One organism benefits and the other is neither helped nor harmed in a
commensalistic relationship.
Often, the benefit that the organism receives is the ability to find food more easily or
protection from other organisms.
For example, large grazing herbivores, such as cattle and horses, often stir up insects
as they graze on grass in fields and pastures. Birds known as cattle egrets often follow
behind the grazing herbivores and eat the insects that have been displaced. Since the
cattle egret benefits by being able to find food easily and the grazing herbivores are not
affected by the presence of the egrets, their interaction is an example of commensalism.
Parasitism
This mosquito is receives nourishment, while the human is harmed.
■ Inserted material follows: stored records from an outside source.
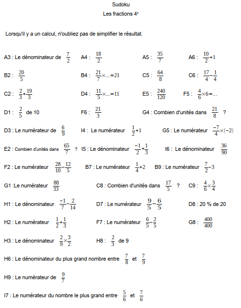 Un exemple de grille Un exemple (fractions) de questions pour préremplir la grille.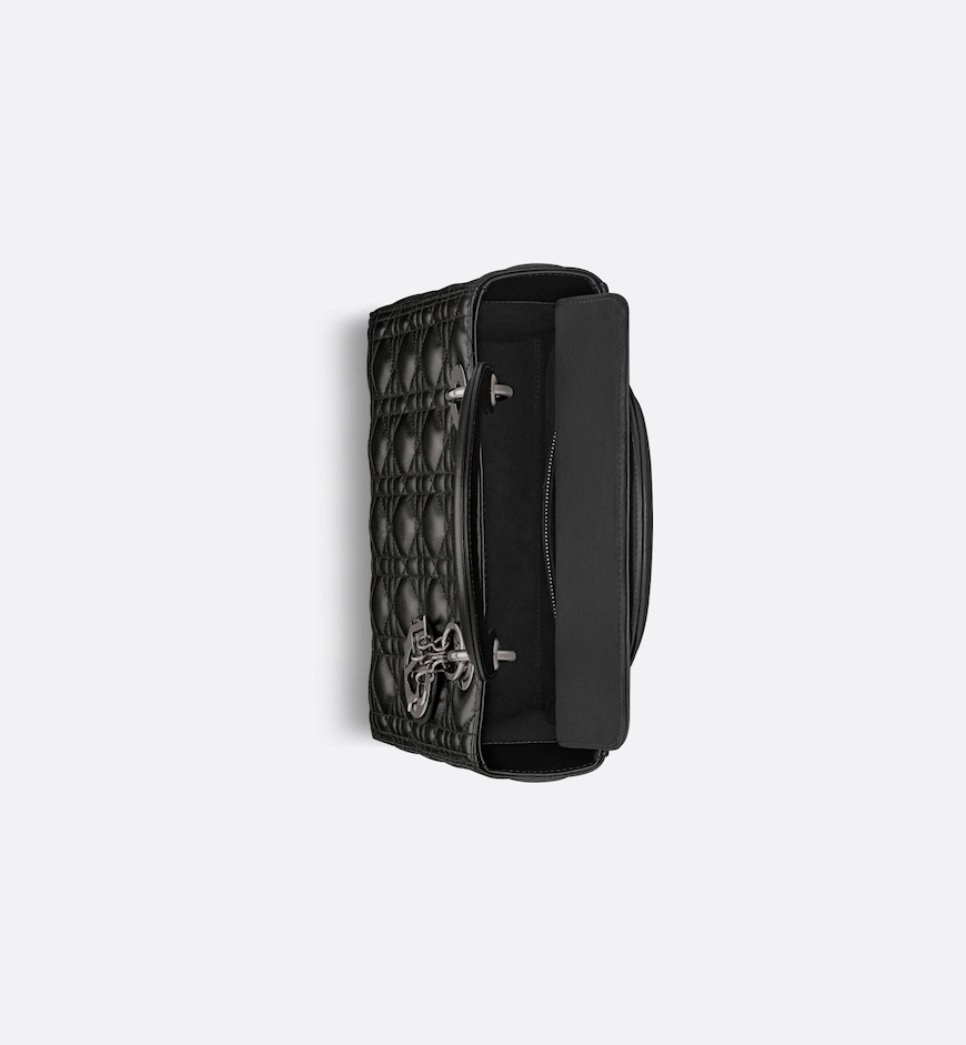 - The Lady Dior bag epitomizes the House’s codes. Sleek and refined, the timeless style is crafted in black lambskin with Cannage stitching, its quilted texture instantly stands out and it is completed by a tonal suede calfskin interior, while the ruthenium-finish D.I.O.R. charms further embellish the modern and bold silhouette. The medium Lady Dior bag features a thin, removable leather shoulder strap and can be carried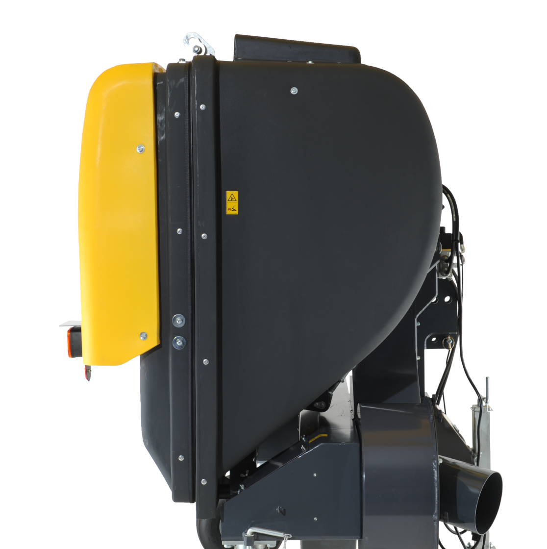 Das Grasaufnahmegerät verfügt über einen robusten und formschönen Behälter aus PE Kunststoffschalen, welcher in verschiedenen traktorspezifischen Farben erhältlich ist. Durch die optimierte Behälterform werden Rasenschnitt oder Laub stark verdichtet, das gesamte Volumen effizient genutzt und Entleerungsintervalle reduziert.

This is an example
of parasitism.
Image is courtesy of the CDC.
One organism benefits and the other is harmed in a parasitic relationship.
The organism that receives a benefit is known as a parasite. The organism that is
harmed by the relationship is known as the host. The host species is usually impaired
slowly over a long period of time.
Parasites are usually smaller than the host species, but not always, and can live either
inside the body of their host or externally. Common external parasites include fleas and
mosquitoes which feed on the blood of their hosts. Internal parasites, such as
tapeworms, live inside the body of their host and absorb nutrients from the host's body.
In both cases, the parasite receives nutrients at the expense of the host and the host
can no longer use these nutrients for its own life processes.
Predation
Predation is a type of interaction in which a predator hunts, kills, and eats its prey.
Predators use the prey as a source of food. Predation is different from parasitism
because the prey is killed immediately for consumption. During parasitism, the host is
kept alive for a long period of time so that the parasite can continue to receive nutrients
from the host. An example of predation is a wolf pack hunting, killing, and consuming a
deer.
Lions kill and eat zebra. Lions are predators. Zebras are prey.
Competition
Since there are limited amounts of resources in an ecosystem, if one organism gets a
particular resource, another does not. This leads to competition as two organisms try
to access the same resources. Food, water, sunlight, and space are examples of
resources that organisms compete for.
Plants and animals of the same species may compete for resources such as food,
water, shelter, and space. Populations of different species will also compete with one
other if their needs are the same as the needs of another population in that ecosystem.
For example, trees in a forest compete for sunlight. As one tree grows taller, the shorter
trees are shaded by it, and they receive less sunlight. The shorter trees may die as a
result.
The tall tree and the shorter trees in this picture are competing for sunlight.
Cooperation
Cooperation is a type of interaction in which organisms work together. Many species
exhibit cooperative behavior, including horses, dolphins, lions, and ants. Animals that
exhibit cooperative behavior often live, travel, and/or hunt in herds or groups. Living in
these groups can provide protection for the animals and a higher success rate during
hunts.
Groups of organisms that live together cooperatively are usually part of a hierarchy of
leadership. Some members of the group have a higher status than other members of
the group. Dominant members determine what the group will do and subordinate
members follow their lead. This helps to eliminate aggression between group members
and allows the group to work together for the benefit of all.
An example of an animal that lives in a cooperative group is the wolf. Wolves live in
packs that usually include six or seven members. There are two leaders within the
group, the alpha male and the alpha female, and these two pack members determine
when the pack hunts, moves location, or stays in an area. The leaders of the pack are
usually the pack members with the most experience in hunting and defending territory.
The other pack members have roles within this pack to help the pack work effectively.